C’est une folle imprudence d’avoir déraciné les imbéciles, vérité qu’entrevoyait M. Maurice Barrés. Telle colonie d’imbéciles solidement fixée à son terroir natal, ainsi qu’un banc de moules au rocher, peut passer pour inoffensive et même fournir à l’État, à l’industrie un matériel précieux. L’imbécile est d’abord un être d’habitude et de parti pris. Arraché à son milieu il garde, entre ses deux valves étroitement closes, l’eau du lagon qui l’a nourri. Mais la vie moderne ne transporte pas seulement des imbéciles d’un lieu à l’autre, elle les brasse avec une sorte de fureur. La gigantesque machine, tournant à pleine puissance, les engouffre par milliers, les sème à travers le monde, au gré de ses énormes caprices.
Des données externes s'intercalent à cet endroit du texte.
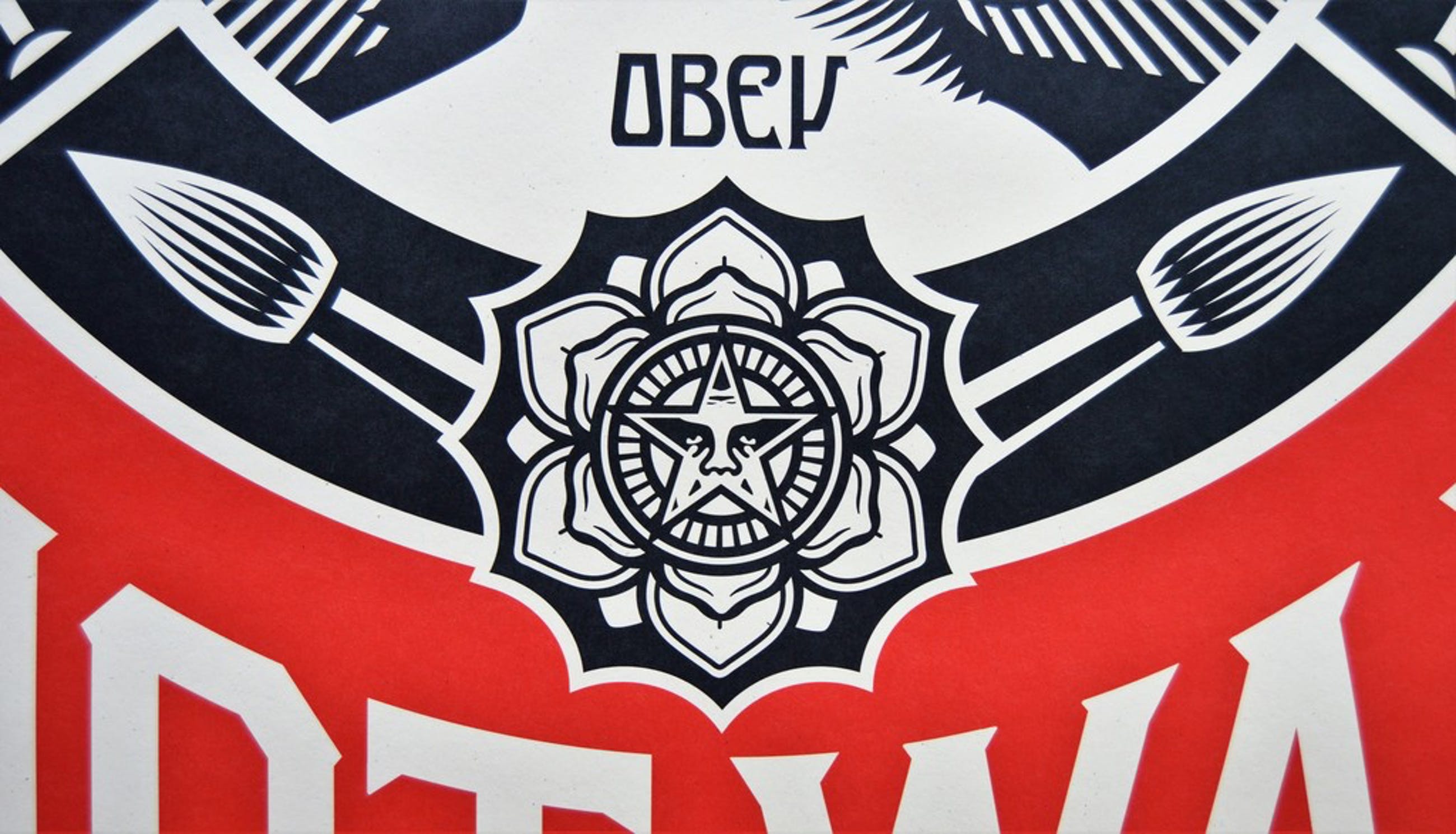 Bekende offset print van Shepard Fairey op speckletone papier: Make Art Not War. De slogan van menig straatartiest.
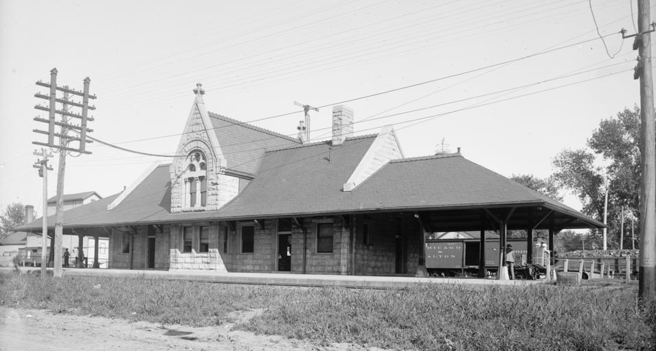 | Keywords: Station Dwight Illinois LOC det.4a20229.jpg Station at Dwight Ill LOC-image det 4a20229 ~ 1900-1905 Unnamed photographer for Detroit Publishing Co PD-Detroit Original image cropped Chicago and Alton Railroad Depot Dwight Illinois Illinois in the 1900s Black and white photographs |
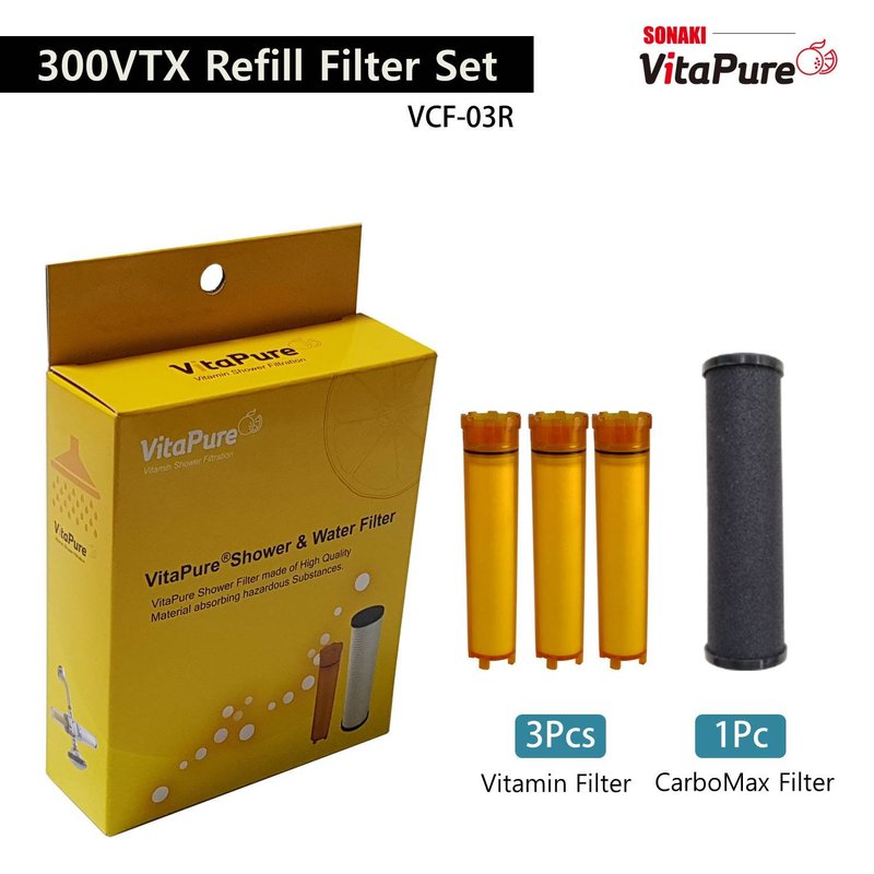 VTX-03R Refill Shower Filter Cartridges for VitaMax Combo SUF-300VTX, 1 CarboMax & 3 Vitamin C filters
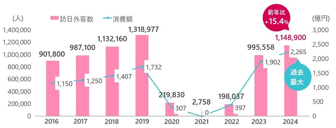 ※2:観光庁「訪日外客数(2024 年 12 月および年間推計値)」(日本政府観光局)および「【インバウンド消費動向調査】2024年暦年の調査結果(速報)の概要」を参照、グラフはこれらをもとに当社が作成。

Aucune autre société que la nôtre n’a fait une si prodigieuse consommation de ces malheureux. Ainsi que Napoléon les « Marie-Louise » de la campagne de France, elle les dévore alors que leur coquille est encore molle, elle ne les laisse même pas mûrir. Elle sait parfaitement que, avec l’âge et le degré d’expérience dont il est capable, l’imbécile se fait une sagesse imbécile qui le rendrait coriace.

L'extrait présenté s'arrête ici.